24 ene. 2014

Breve, pero intensa, de Agustín Mañero

 
BREVE, PERO INTENSA

María Dolores Vargas, “La Corralera”, se casó a los dieciocho años.

María Dolores Vargas, “La Corralera”, fue madre a los diecisiete y María Dolores Vargas, “La Corralera”, abandonó definitivamente su hogar a los dieciséis.

Por la necesidad, el hambre y la sordidez del ambiente, lo tenía decidido desde los quince, pero María Dolores Vargas, “La Corralera”, lo retrasó un año.

A los catorce, perdió el virgo. La virginidad, ya la tenía perdida.

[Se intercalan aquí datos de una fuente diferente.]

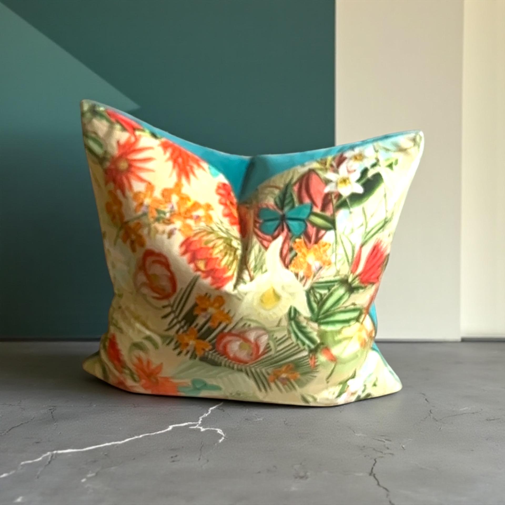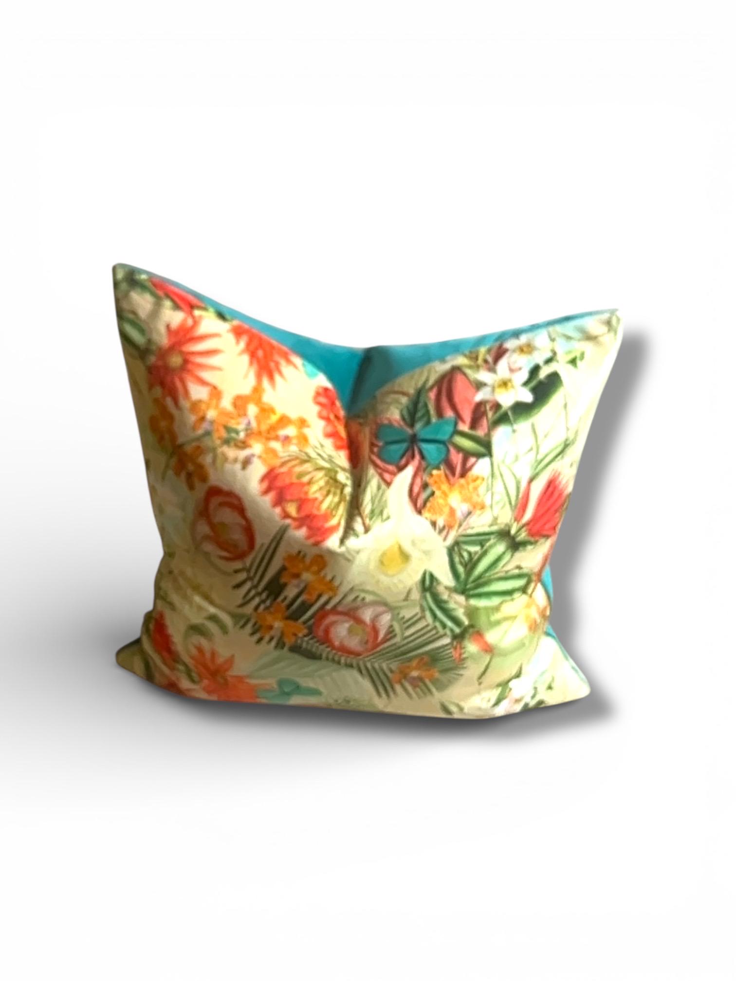 Transform your home into a haven of style with this handmade luxury pillow, crafted with exquisite care from premium designer Italian velvet. Featuring a delightful tropical pattern of flowers and butterflies, this pillow is more than just décor—it’s a work of art infused with love and passion.

A los trece años, se escapó por unos días de la corrala, huyendo del acoso de Toñín, “El Churumbel”, primo hermano suyo que quería empujarla contra la tapia de la huerta del “Tío Melones”.

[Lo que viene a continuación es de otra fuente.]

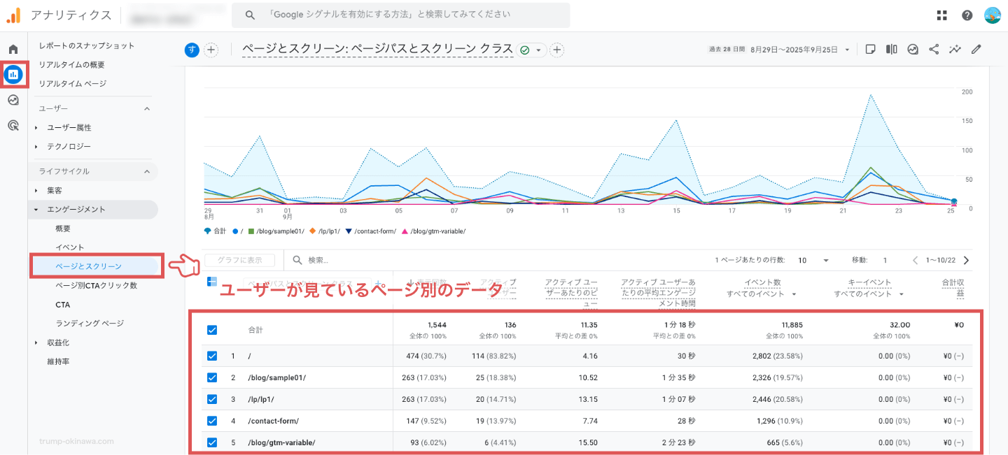 GA4には「ページとスクリーン」というレポートがあり、各ページの閲覧回数や平均エンゲージメント時間などを確認できます。ここから「よく見られているページ」「あまり見られていないページ」を把握し、どの情報に興味を持たれているのかを探るのが、行動分析の第一歩です。

Con doce años, María Dolores Vargas, “La Corralera”, ejercía de alcahueta.

Con once, ejercía de alcahueta, pero sin saberlo.

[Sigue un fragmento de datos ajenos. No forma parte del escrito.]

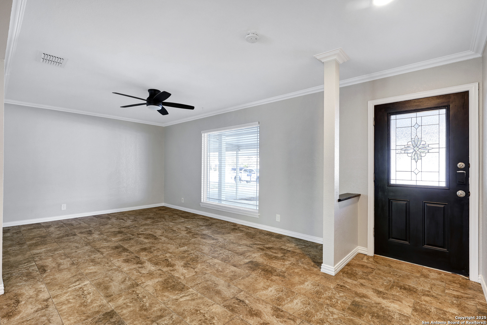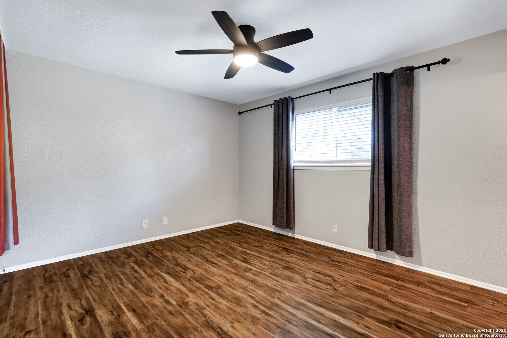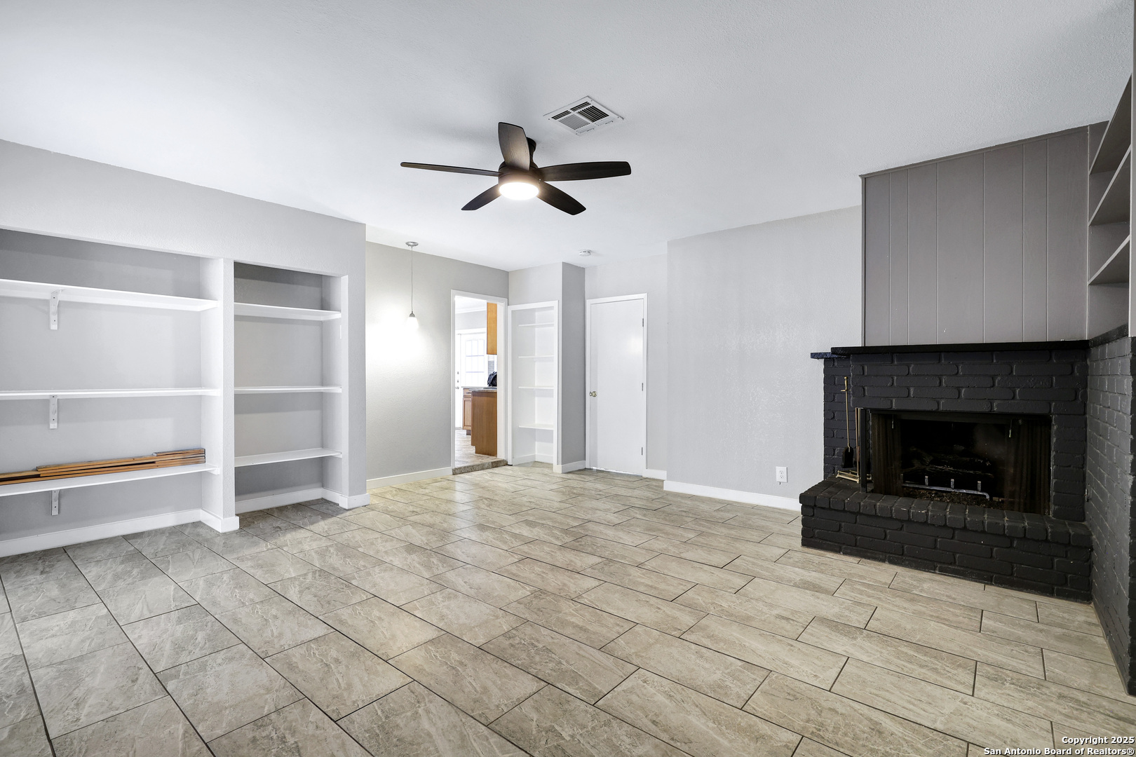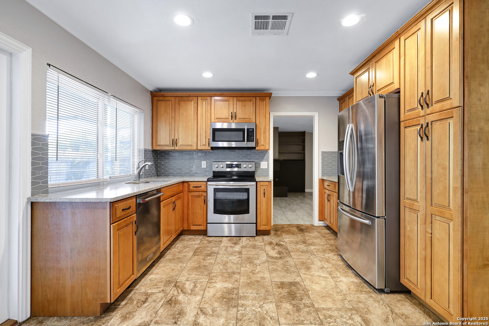Beautifully updated single-story home offering convenient access to Lackland AFB, the 151 business corridor, Sea World, shopping, dining, and more. This residence features no carpet, with ceramic tile and luxury vinyl flooring throughout for style and easy maintenance. The versatile front room may serve as a living area or formal dining space, while the converted garage provides an additional living space to suit your needs. The kitchen has been fully updated and includes a refrigerator, generous cabinet storage, and expansive counter space. A washer and dryer are also included for added convenience. The primary suite showcases a custom closet and an en suite bath with a beautifully renovated walk-in shower. Outdoors, enjoy a spacious yard enhanced by mature trees, a covered patio ideal for relaxation, and a storage shed.

A los diez, jugaba con otros niños y robaba en mercados y chatarrerías.

Apenas tenía nueve años y ya cuidaba de sus hermanos, los churumbeles de “La Palmera”, su madre, mientras ésta manejaba sus “dátiles” aligerando carteras.

Los ocho estuvieron ocupados por aprendizajes varios: acarrear leña, llenar el botijo y lavar sus bragas. Hasta entonces no las había tenido.

Alguien quiso que a los siete, María Dolores Vargas, “La Corralera” hiciese la primera comunión. Fue un intento fallido. Por entonces, comenzó a competir con los chicos para ver quién meaba más lejos. Alguna vez, ganó.

Con seis años, jugaba a papás y mamás, a médicos y enfermeras. Fue entonces cuando su mente tomó conciencia de la desigualdad anatómica que siempre había visto, pero no meditado.

A los cinco ya tiraba piedras a los perros y a los vecinos. La Guardia Civil tampoco se libró de algún cantazo suyo.

Llegando a los cuatro añitos se sorbía los mocos.

Aunque ella ya no se acordaba, con tres, jugaba con barro. Para hacer la pasta hacía “pis” en la tierra.

¿Con dos años? Pues al cumplirlos, disputaba por la teta. Había dos tetas donde chupar y tres bocas para hacerlo. La suya, la del “Canillas”, compañero de su madre, y la de don Servando, un abuelo en la familia, viejo y desdentado, que, de vez en cuando y con pretexto de alimentarse, también le daba un tiento a los pezones de “La Palmera”.

¿Y con uno? ¿Qué va a hacer una niña a esa edad, aunque ésta se llame María Dolores Vargas “La Corralera”? Pues lo que hacen todos los pequeños a esa edad. ¡Eso sí! Aquel año no tuvo que competir por la teta.

¿Y al nacer? Al nacer no se puede pensar, pero de haber sabido lo que le esperaba, María Dolores Vargas “La Corralera” se hubiese vuelto por donde salió: al abrigo uterino.